DT algorithms are also commonly used for regression and classification. DTs have a hierarchical structure consisting of a root node (or first splitting node), branches to connect to internal nodes or decision/attribute nodes, and leaf nodes, which represent all possible outcomes within the data set. This process is applied to all data sets iteratively until all or most of the data points are classified. RFs are algorithms that combine the output from DTs to achieve a single result. DT and RF models have also been developed for pavement distress detection (Cubero-Fernandez et al. 2017; Hoang and Nguyen 2019). The output of each DT is evaluated to detect a feature classification (i.e., crack detection), with the majority or average results reported as the final output. Figure 15 shows an example of the RF crack definition process from the original image to the final output.

Bootstrap Aggregation

Bootstrap aggregation, or bagging, is an ML technique typically used in DT techniques to improve the stability and accuracy of the AI models. The bootstrap aggregation technique randomly creates multiple subsets to train a separate model, then combines (or aggregates) the predictions of each separate model into a final prediction model. Ahmad et al. (2023) developed an ML architecture using bootstrapping to improve the accuracy of pavement crack detection and segmentation from different data sets.

Boosting

Boosting refers to a generic and efficient approach combining imprecise and inaccurate classifiers to produce an accurate prediction rule. In other words, boosting is founded on the idea that discovering several imprecise rules of thumb or classifiers is sometimes far simpler than discovering a single, extremely precise prediction rule (Schapire 2003). To achieve the desired outcome, a training set of data is scanned repeatedly, letting the learning algorithm concentrate on the cases incorrectly identified in previously repeated scans (the “hardest cases”). Judgments made using a weighted mixture of the unreliable classifiers can provide results with higher accuracy than individual weak classifiers (Schapire and Freund 2013). Traditional crack detection models may contain a high number of false detections, and the Adaptive Boosting (AdaBoost) model is frequently used to improve model accuracy (Xu et al. 2022). AdaBoost model operation is examined in depth using a range of techniques by paying close attention to the risk of overfitting to the training set.

Page 23 Bookmark

Suggested Citation: "2 Literature Review." National Academies of Sciences, Engineering, and Medicine. 2024. AI Applications for Automatic Pavement Condition Evaluation. Washington, DC: The National Academies Press. doi: 10.17226/27993.

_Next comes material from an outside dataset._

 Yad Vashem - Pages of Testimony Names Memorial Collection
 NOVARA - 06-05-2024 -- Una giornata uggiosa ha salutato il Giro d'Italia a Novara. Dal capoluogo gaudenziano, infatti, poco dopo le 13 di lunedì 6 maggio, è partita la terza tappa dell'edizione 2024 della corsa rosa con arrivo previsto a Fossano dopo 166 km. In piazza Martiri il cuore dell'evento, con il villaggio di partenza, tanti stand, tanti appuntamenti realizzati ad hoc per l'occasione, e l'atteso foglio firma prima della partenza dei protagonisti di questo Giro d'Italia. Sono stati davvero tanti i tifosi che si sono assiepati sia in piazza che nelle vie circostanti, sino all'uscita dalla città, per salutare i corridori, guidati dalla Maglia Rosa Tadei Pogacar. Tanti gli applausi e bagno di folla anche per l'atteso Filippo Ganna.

Source: Li et al. 2015, used with permission.

***Figure 15. Example of RF crack definition.***

The evaluation of “confidence” measures for the weak classifiers can improve the model and discrimination rules even after the training set is correctly categorized (Cord and Chambon 2012; Schapire and Freund 2013). Figure 16 compares the output for a boosting method to the original and ground truth images from different data sets. Ground truth images are manually processed to isolate desired features (e.g., cracks) from the original image and create a label with these features.

Artificial Neural Networks

Artificial neural networks (ANNs) are information processing architectures made up of several basic processing elements, or “neurons,” interconnected in a parallel manner. Each neuron has the ability to share its outputs, if any, to and accept weighted inputs from many other neurons. Throughout the weighted interconnections, information is represented in a distributed manner. A collection of patterns is repeatedly given to the ANN during a training session, and the ANN learns the class to which each of the input patterns belong. Figure 17 provides an example of crack detection used by an ANN model. Advantages and limitations of the traditional ML method are summarized in Table 11.

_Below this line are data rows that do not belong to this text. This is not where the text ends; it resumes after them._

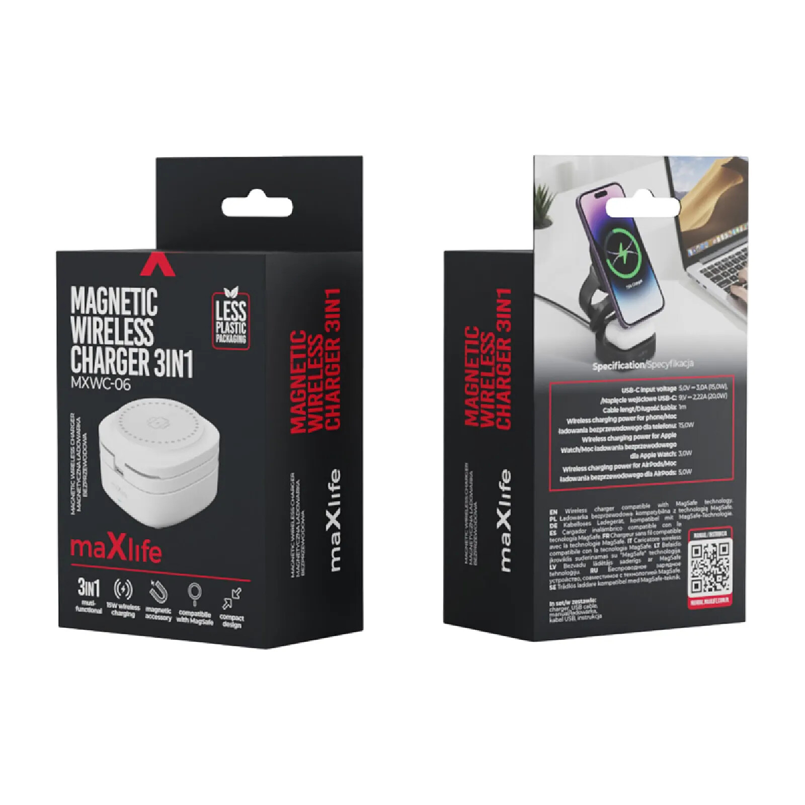 Maxlife Chargeur sans fil 3-en-1 MagSafe Qi 15W pour Smartphone / AirPods / Apple Watch Blanc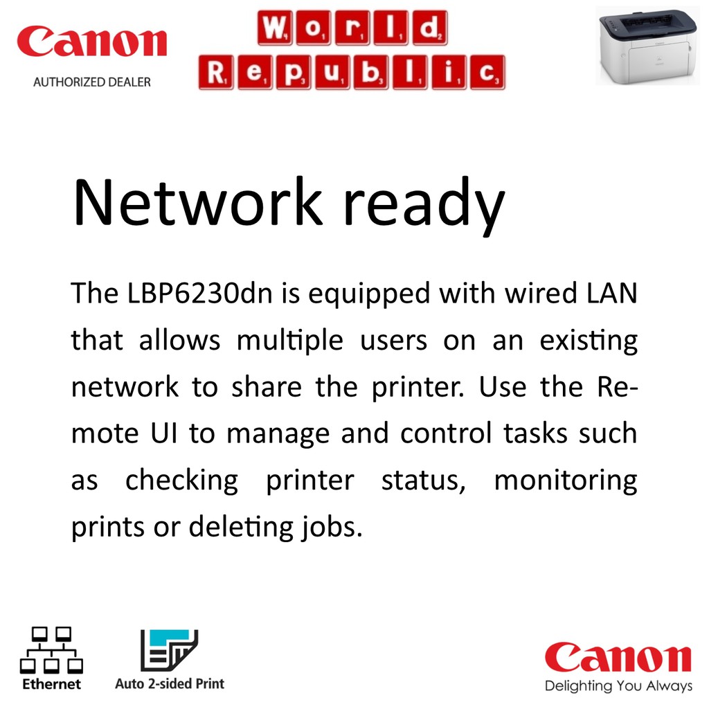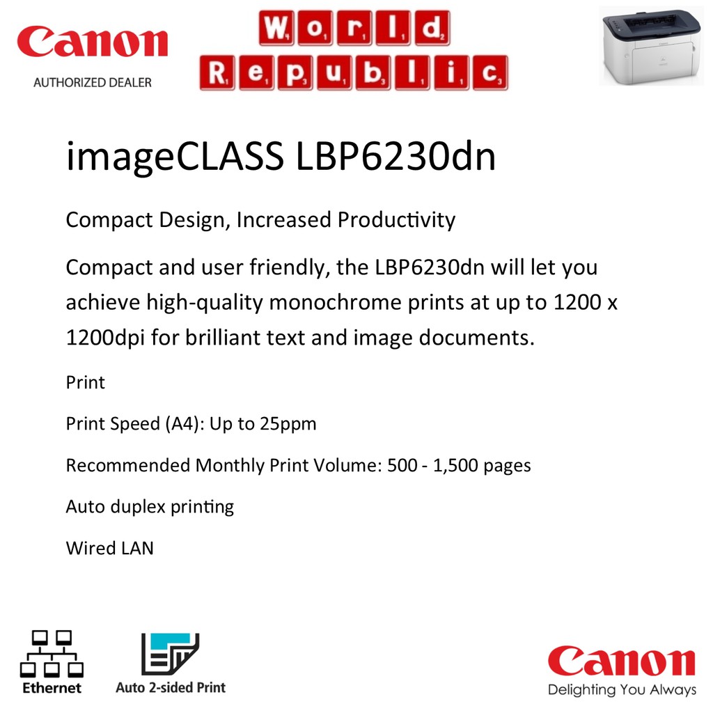 Canon LaserJet Printer imageCLASS LBP6230dn Compact Design, Increased Productivity - Monochrome Laser Printer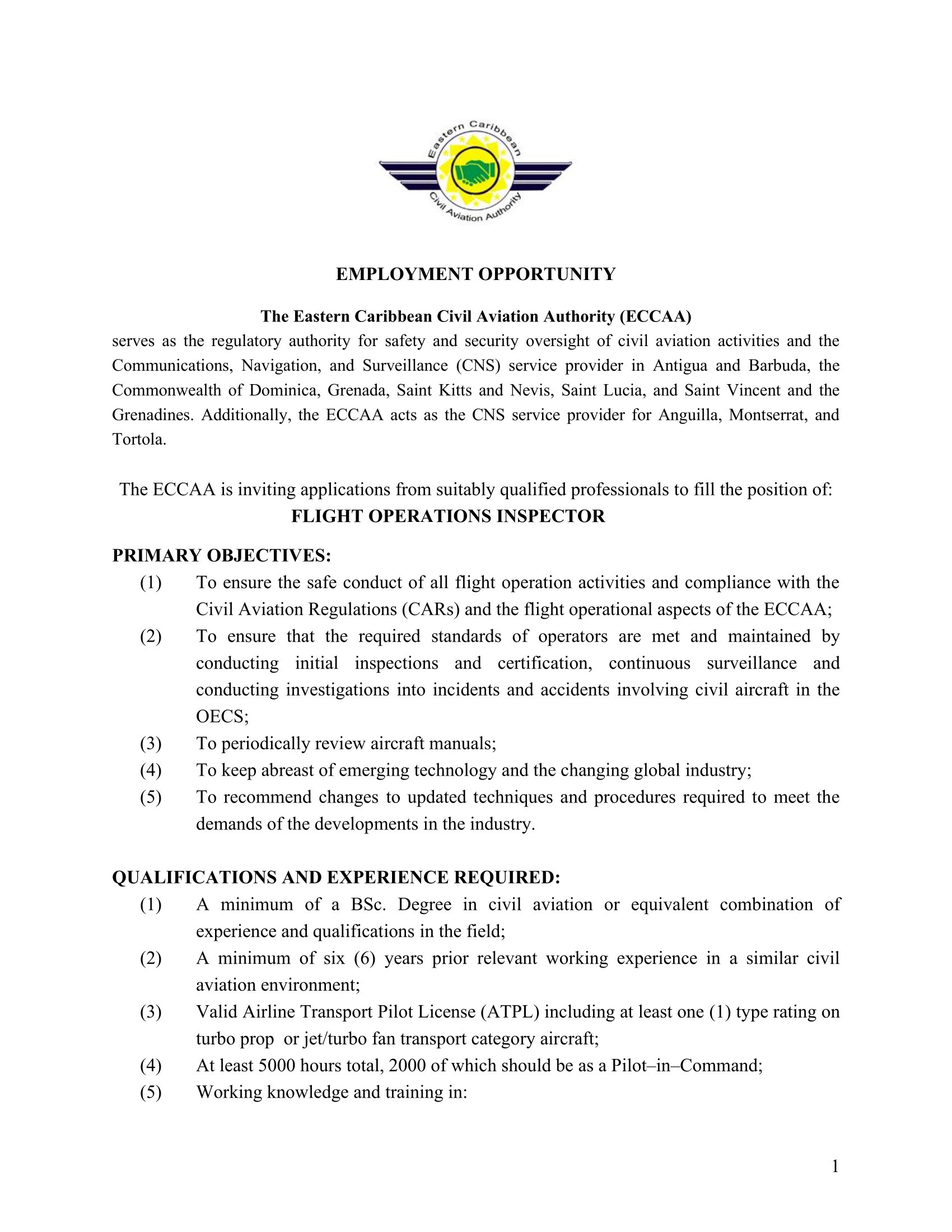 Human Resources Manager, Eastern Caribbean Civil Aviation Authority, P.O. Box 1130, St. John’s, Antigua and Barbuda at .

Table 12 provides a summary of relevant efforts for pavement distress detection using traditional ML models.

Image Processing

Traditional image processing refers to filtering noise captured by digital cameras or imaging sensors. In pavement condition assessment, images can be affected by shadows, rain, stains, and other factors. Usually, cracking in an image shows a thin, irregular shape along with dark lines bounded by noise. Typical image processing methods include the following items described in the subsequent section:

Page 24 Bookmark

Suggested Citation: "2 Literature Review." National Academies of Sciences, Engineering, and Medicine. 2024. AI Applications for Automatic Pavement Condition Evaluation. Washington, DC: The National Academies Press. doi: 10.17226/27993.

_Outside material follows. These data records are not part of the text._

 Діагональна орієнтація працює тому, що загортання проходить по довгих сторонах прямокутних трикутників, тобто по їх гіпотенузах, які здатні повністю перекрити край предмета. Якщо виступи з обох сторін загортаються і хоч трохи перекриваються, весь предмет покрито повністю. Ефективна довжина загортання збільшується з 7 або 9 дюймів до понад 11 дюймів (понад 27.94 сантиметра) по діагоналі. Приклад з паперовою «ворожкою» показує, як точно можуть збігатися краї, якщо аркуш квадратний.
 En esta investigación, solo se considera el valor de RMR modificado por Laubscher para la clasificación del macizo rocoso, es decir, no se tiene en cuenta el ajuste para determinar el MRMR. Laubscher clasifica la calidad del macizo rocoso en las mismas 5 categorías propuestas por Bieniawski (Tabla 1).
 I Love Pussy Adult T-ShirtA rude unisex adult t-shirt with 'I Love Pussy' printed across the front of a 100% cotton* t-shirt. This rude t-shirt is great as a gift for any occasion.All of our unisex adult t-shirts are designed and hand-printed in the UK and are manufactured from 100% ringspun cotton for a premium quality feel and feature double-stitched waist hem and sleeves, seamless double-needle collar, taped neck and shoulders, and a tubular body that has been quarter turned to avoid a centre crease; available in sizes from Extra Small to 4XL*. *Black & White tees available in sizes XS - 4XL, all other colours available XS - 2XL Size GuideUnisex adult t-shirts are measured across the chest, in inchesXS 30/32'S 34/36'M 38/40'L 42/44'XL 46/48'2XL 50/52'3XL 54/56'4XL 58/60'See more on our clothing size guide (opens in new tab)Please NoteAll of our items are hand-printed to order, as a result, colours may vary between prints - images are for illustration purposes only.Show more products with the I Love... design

Source: Yang et al. 2019, used with permission.

***Figure 16. Example of boosting.***

Edge Detection

Edge detection methods are able to clearly identify the crack outline. A differential function is used to determine edge information based on a crack’s grayscale change (Hou et al. 2021). Several edge detection methods exist (referred to as operators), including Sobel, Prewitt, Roberts, and Canny (Cao et al. 2020).

Thresholding

Thresholding-based methods have been widely used for crack detection since the 1980s due to their simplicity and effectiveness (Oliveira and Correia 2009, Li et al. 2015, Zhou et al. 2016, Cao et al. 2020). These methods determine whether a pixel belongs to the target area or whether the

Source: Nguyen et al. 2018, used with permission

***Figure 17. Example of ANN model for crack definition.***

Page 25 Bookmark

Suggested Citation: "2 Literature Review." National Academies of Sciences, Engineering, and Medicine. 2024. AI Applications for Automatic Pavement Condition Evaluation. Washington, DC: The National Academies Press. doi: 10.17226/27993.

Table 11. Advantages and limitations of traditional ML methods (Sholevar et al. 2022, Xu and Zhang 2022).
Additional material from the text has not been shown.